■ **Work required**: With the pictures removed, write out the data below exactly.

■ **Dataset extract**:
--

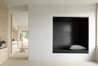 Architect Sven Matt mixed basic shapes with rich details in this Austrian home. Plaster walls mixed with gray marble powder dominate the interior of the bottom floor, including this nook, complementing the ubiquitous spruce wood carpentry.
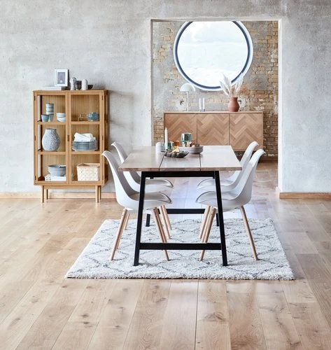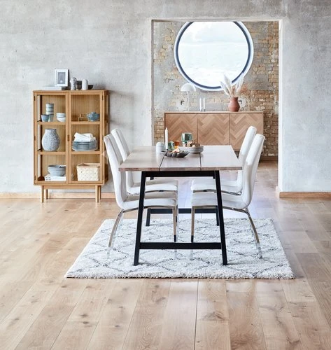 | Matériaux | Face avant: Chêne massif, Verre trempé, Partie supérieure: Placage chêneLe placage de chêne est constitué de fines couches de bois massif collées sur un panneau de particules ou un panneau MDF. Il offre l'aspect authentique du bois naturel massif., Panneau de particules, Sommier: Placage chêneLe placage de chêne est constitué de fines couches de bois massif collées sur un panneau de particules ou un panneau MDF. Il offre l'aspect authentique du bois naturel massif., Panneau de particules, Contreplaqué, Côté: Chêne massif, Verre trempé, Pieds: Chêne massif, Dossier: MDF (panneau de fibres moyenne densité)Les panneaux MDF consistent de fibres de bois coupés très fins, collés sous pression., Placage chêneLe placage de chêne est constitué de fines couches de bois massif collées sur un panneau de particules ou un panneau MDF. Il offre l'aspect authentique du bois naturel massif., Étagère: Verre trempé |
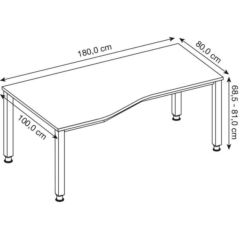 Der HAMMERBACHER VQS18/3/S ist ein eleganter und funktionaler höhenverstellbarer Schreibtisch, der sich perfekt für moderne Arbeitsumgebungen eignet. Mit einer Höhenverstellung von 68,5 bis 81 cm bietet dieser Schreibtisch Ihnen die Flexibilität, die ideale Position für Ihre individuellen Bedürfnisse zu finden. Die Tischplatte aus hochwertiger Spanplatte in ansprechendem Ahorn-Farbton sorgt für eine warme und einladende Atmosphäre in jedem Raum. Das stabile Gestell aus robustem Stahl in silberner Farbe garantiert eine hohe Standfestigkeit und Langlebigkeit. Das 4-Fuß-Gestell bietet zusätzlichen Halt und ermöglicht eine sichere Nutzung, egal ob im Büro oder im Homeoffice. Die trapezförmige Konstruktion des Schreibtisches verleiht ihm nicht nur eine moderne Optik, sondern sorgt auch für eine optimale Raumnutzung. Ein weiterer Vorteil des HAMMERBACHER VQS18/3/S ist die einfache Handhabung der Höhenverstellung, die es Ihnen ermöglicht, zwischen sitzender und stehender Arbeitsweise zu wechseln. Dies fördert nicht nur eine gesunde Körperhaltung, sondern steigert auch Ihre Produktivität und Ihr Wohlbefinden während der Arbeit. Die klare Linienführung und das schlichte Design machen diesen Schreibtisch zu einem zeitlosen Möbelstück, das sich harmonisch in jede Einrichtung integrieren lässt. Ob für das Homeoffice, das Arbeitszimmer oder das Büro, der HAMMERBACHER VQS18/3/S ist die ideale Wahl für alle, die Wert auf Funktionalität und Stil legen. Genießen Sie die Vorteile eines höhenverstellbaren Schreibtisches und gestalten Sie Ihren Arbeitsplatz individuell und ergonomisch.Technische Daten

--

■ **Answer section**:
 Architect Sven Matt mixed basic shapes with rich details in this Austrian home. Plaster walls mixed with gray marble powder dominate the interior of the bottom floor, including this nook, complementing the ubiquitous spruce wood carpentry.
 | Matériaux | Face avant: Chêne massif, Verre trempé, Partie supérieure: Placage chêneLe placage de chêne est constitué de fines couches de bois massif collées sur un panneau de particules ou un panneau MDF. Il offre l'aspect authentique du bois naturel massif., Panneau de particules, Sommier: Placage chêneLe placage de chêne est constitué de fines couches de bois massif collées sur un panneau de particules ou un panneau MDF. Il offre l'aspect authentique du bois naturel massif., Panneau de particules, Contreplaqué, Côté: Chêne massif, Verre trempé, Pieds: Chêne massif, Dossier: MDF (panneau de fibres moyenne densité)Les panneaux MDF consistent de fibres de bois coupés très fins, collés sous pression., Placage chêneLe placage de chêne est constitué de fines couches de bois massif collées sur un panneau de particules ou un panneau MDF. Il offre l'aspect authentique du bois naturel massif., Étagère: Verre trempé |
 Der HAMMERBACHER VQS18/3/S ist ein eleganter und funktionaler höhenverstellbarer Schreibtisch, der sich perfekt für moderne Arbeitsumgebungen eignet. Mit einer Höhenverstellung von 68,5 bis 81 cm bietet dieser Schreibtisch Ihnen die Flexibilität, die ideale Position für Ihre individuellen Bedürfnisse zu finden. Die Tischplatte aus hochwertiger Spanplatte in ansprechendem Ahorn-Farbton sorgt für eine warme und einladende Atmosphäre in jedem Raum. Das stabile Gestell aus robustem Stahl in silberner Farbe garantiert eine hohe Standfestigkeit und Langlebigkeit. Das 4-Fuß-Gestell bietet zusätzlichen Halt und ermöglicht eine sichere Nutzung, egal ob im Büro oder im Homeoffice. Die trapezförmige Konstruktion des Schreibtisches verleiht ihm nicht nur eine moderne Optik, sondern sorgt auch für eine optimale Raumnutzung. Ein weiterer Vorteil des HAMMERBACHER VQS18/3/S ist die einfache Handhabung der Höhenverstellung, die es Ihnen ermöglicht, zwischen sitzender und stehender Arbeitsweise zu wechseln. Dies fördert nicht nur eine gesunde Körperhaltung, sondern steigert auch Ihre Produktivität und Ihr Wohlbefinden während der Arbeit. Die klare Linienführung und das schlichte Design machen diesen Schreibtisch zu einem zeitlosen Möbelstück, das sich harmonisch in jede Einrichtung integrieren lässt. Ob für das Homeoffice, das Arbeitszimmer oder das Büro, der HAMMERBACHER VQS18/3/S ist die ideale Wahl für alle, die Wert auf Funktionalität und Stil legen. Genießen Sie die Vorteile eines höhenverstellbaren Schreibtisches und gestalten Sie Ihren Arbeitsplatz individuell und ergonomisch.Technische Daten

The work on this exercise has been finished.